Closed sanyalab closed 3 months ago
Can you share the log file with me? Thank you.
Attached are the log and the STDERR files ECB_Hap2_psic_classes.log STDERR.txt
Thank you for sharing the file. It seems there are three gene regions that hasn't finished Chr16B 4741698 4760443. Chr20B 13708701 13730914. Chr30B 4295343 4490726. Do you receive any error message from PsiCLASS, or the job gets terminated due to long running time?
You can run PsiCLASS with a lower value of --maxDpConstraintSize to make it faster. During the test, you can also add the option --stage 3 to reuse the subexon structures from previous step. Another approach is to see whether there are some strange introns in these region, and use a more stringent threshold to filter the introns.

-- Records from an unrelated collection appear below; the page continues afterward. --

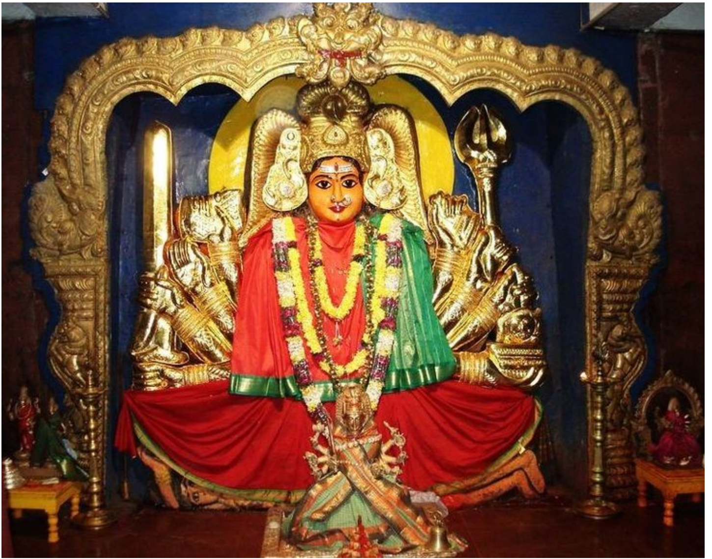
...as their tutelary deity, and fixed the left eye of the goddess with the rare Kohinoor diamond.
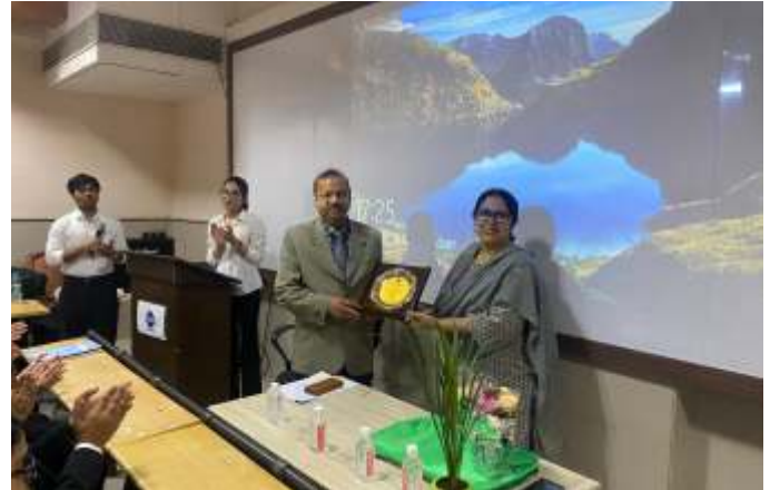
Guest Lecture on Trial Advocacy
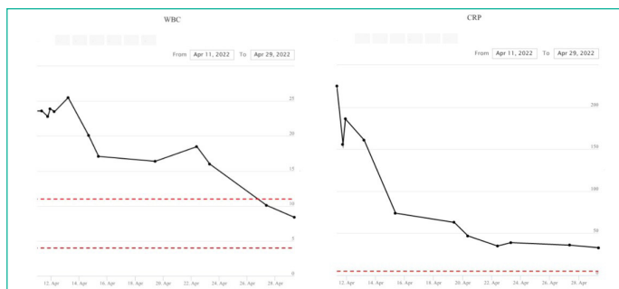
Figure 3: Blood test results over the duration of stay at the hospital showing results for White blood cell count and C-Reactive protein.

stabilization and diabetic control, patient was transferred to a specialized burns unit for further treatment and surgical reconstruction of defects and was discharged 7 days post reconstruction.
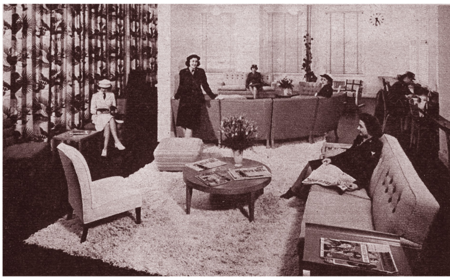
WAVES AND WAACS LUXURIATE IN FRILLY FEMINE LOUNGE ROOM.
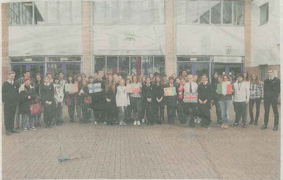
YORKSHIRE TRIP: The students had a great time taking part in activities and exploring the region.
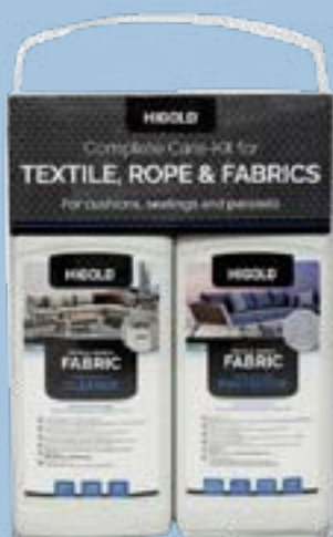
HIGOLD TEXTILE ROPE & FABRICS CARE KIT

Before using your furniture, you can apply an extra layer of protection with the Protector from the Higold Textile, Rope & Fabrics Care Kit . This will create a protective layer on your upholstery and keep your upholstery in top condition. The Protector comes in a spray can and can be applied to the upholstery with this. Spray the Protector onto the fabric in even lines.
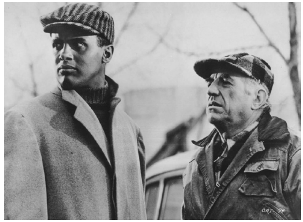
Tension builds as Ingram and Burke await Slater for the last meet-up before the heist

As he approached Novak's door he fashioned a discreet and self-effacing
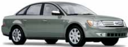
Titanium Green Metallic
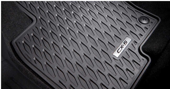
100% Recycled All Weather Mats
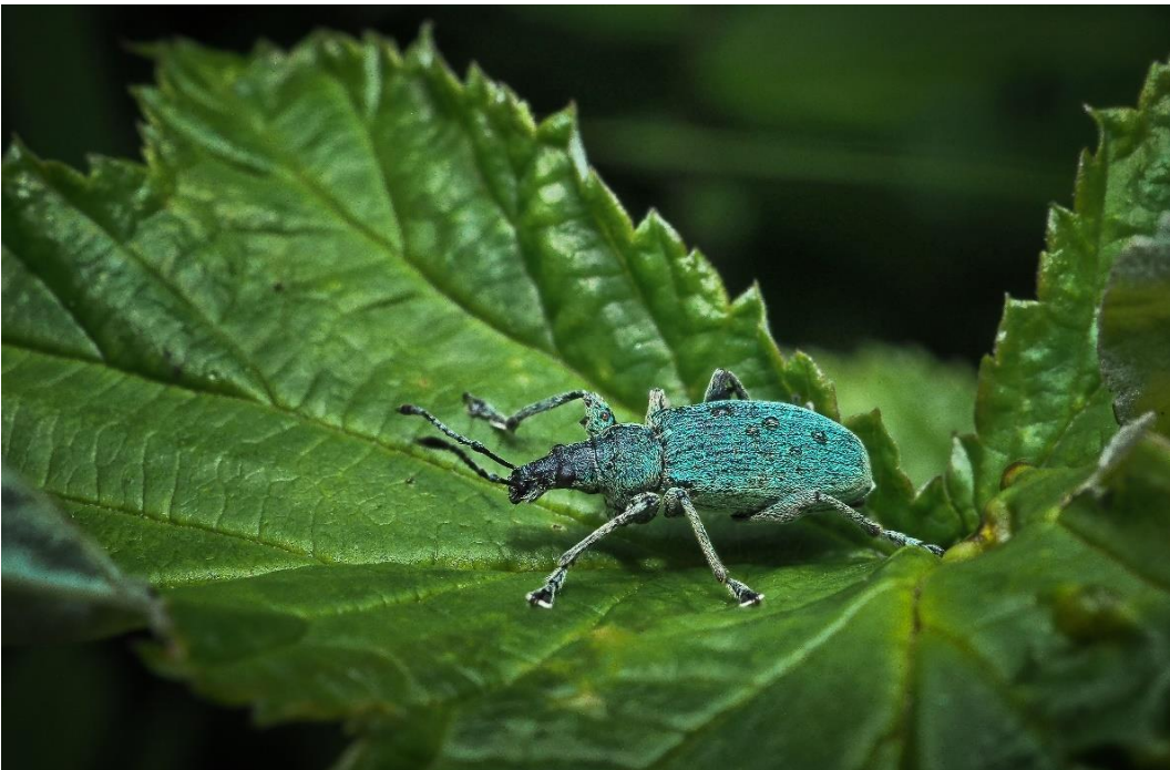
Ewan Parry - Nettle-weevil ( Phyllobius pomaceus ), Lochwinnoch RSPB Reserve, Renfrewshire, Scotland, 19th June 2022.
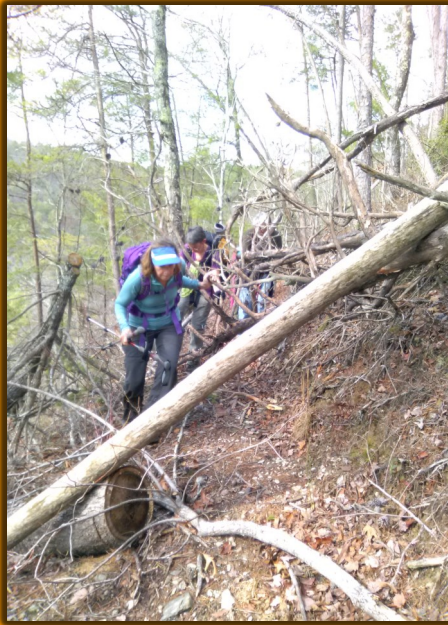
Undeterred by blowdowns!!
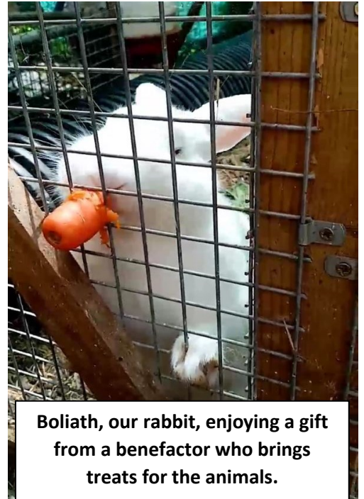
Boliath, our rabbit, enjoying a gift from a benefactor who brings treats for the animals.

We wish you all a Happy and Blessed Christmas and New Year. The Holy Sacrifice of the Mass will be offered as usual on Christmas Day for all our friends and benefactors living and deceased. May the peace of the Christ Child enter your hearts and your homes and remain with you throughout 2024!
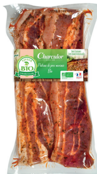
ORGANIC MARINATED BACON X2 approx. 250 g Item: 2984 Shelf life: 18 D Pieces/box: 12
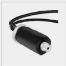
HD Intake Bladder
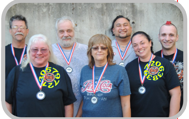
SILVER -- STICKLERZ
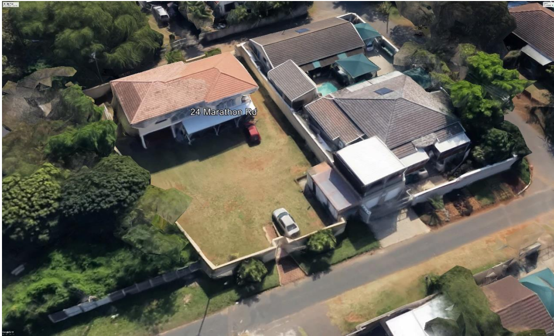
AERIAL VIEW OF 24 MARATHON ROAD
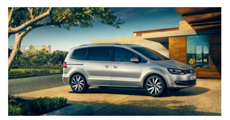
Model shown is Sharan SEL with optional 18" 'Marseille' alloy wheels, Xenon dipped beam headlights and metallic paint.

If you are unable to contact us you may arrange for your vehicle to be repaired. Please contact us at the address below within 30 days of any repair and you will be advised if repairs completed are covered by your warranty. Please ensure that you retain a detailed repair invoice to support your claim. If your claim is covered you will be reimbursed in GBP at the prevailing exchange rate at the time of settlement. Volkswagen Extended Warranty, PO Box 869, Warrington, WA4 6LD.
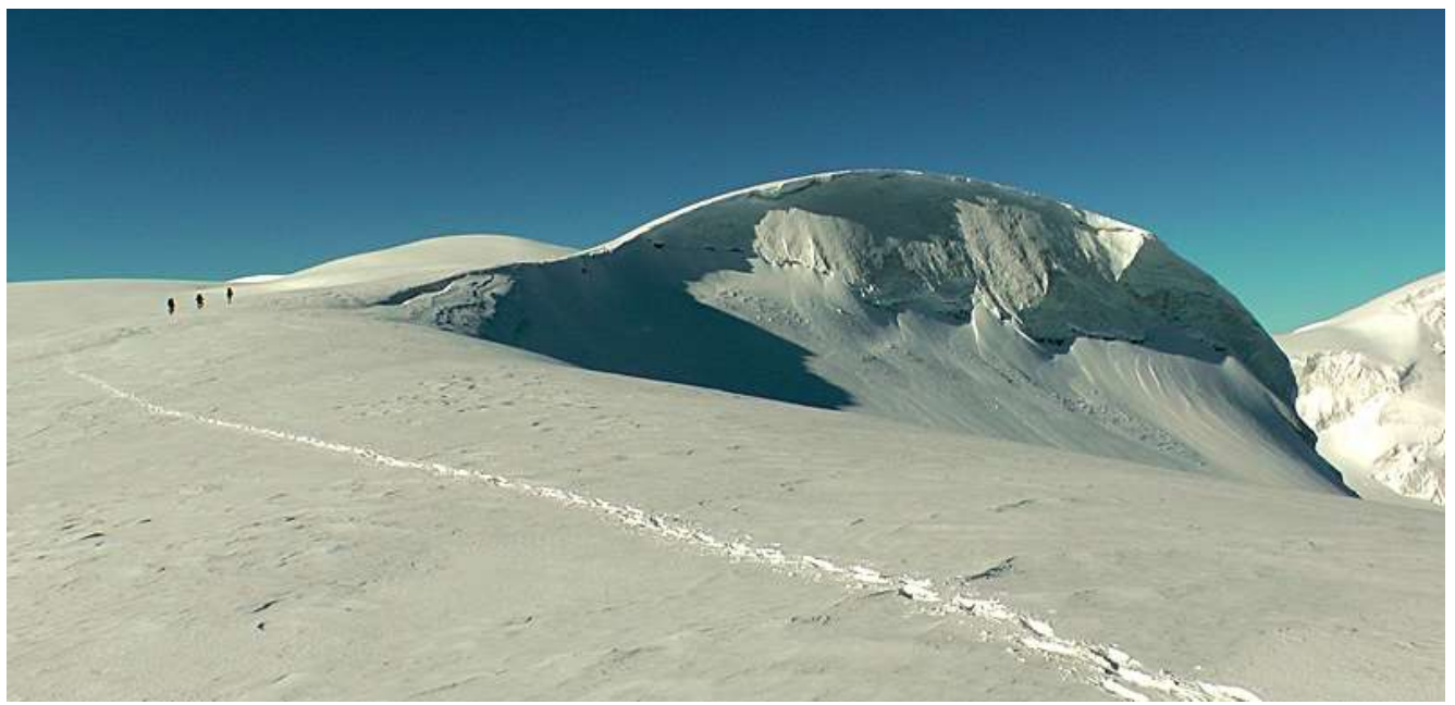
At the top of Maily pass 4400m

Day 5. Summit day! After breakfast inside the tent we take on our harness and crampons. After two hours by Maily plateau we are reached to rocky head of Maily pass 4400m (30 degrees of slope maximum). Perfect view to all Kazbek plateau and our goal for today. Small descent from pass and cross the Kazbek plateau straight to the Kazbeksky pass 4480m. This point brings together Russian and Georgian ascent route, actual summit climb takes place on the exact same route. We still cross a glacier, and after almost 3 hours to reach the "gateway" to the summit. The Mt.Kazbek consists of the small 4890m and the large Kazbek with 5033m. We traverse the back of the small Kazbek along the 30 to 35 degrees sloping ice field (in the snow takes longer) to the saddle direction 4800 m. The last part of slope (10 m high ice / snowdrift) quite steep, where we should go very cautiously. A rest before the final challenge of the very steep and sometimes bare summit ice cap. In the steep ice slope with crampons and partly through rocky passages, we are climbing our final part of way up. Sometimes we need to mobilized all our forces for crossing this ice part(maybe we put a fixed rope) and then it's TOP - the most eastern five thousand meters peak of the Caucasus rewarded us with a wonderful panoramic view of of Central and Eastern Caucasus! At the clean weather we can see another volcano, a giant of the Caucasus - Elbrus (5642 m).
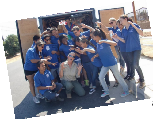
1st District YAC members cleaned up the trail on Rider Street for the opening of the Mead Valley Community Center, 8-17-13.

Hi, I do not get any error message so I do not know how long the program ran. But this is interesting. Essentially I am trying to build a set of transcripts on each haplotype. Haplotypes are not much different from each other. Therefore, I wonder why it fails on one, but succeeds in the other one.
How does one give an intron threshold in PsiClass? Can you tell me how to get a detailed help for psiclass?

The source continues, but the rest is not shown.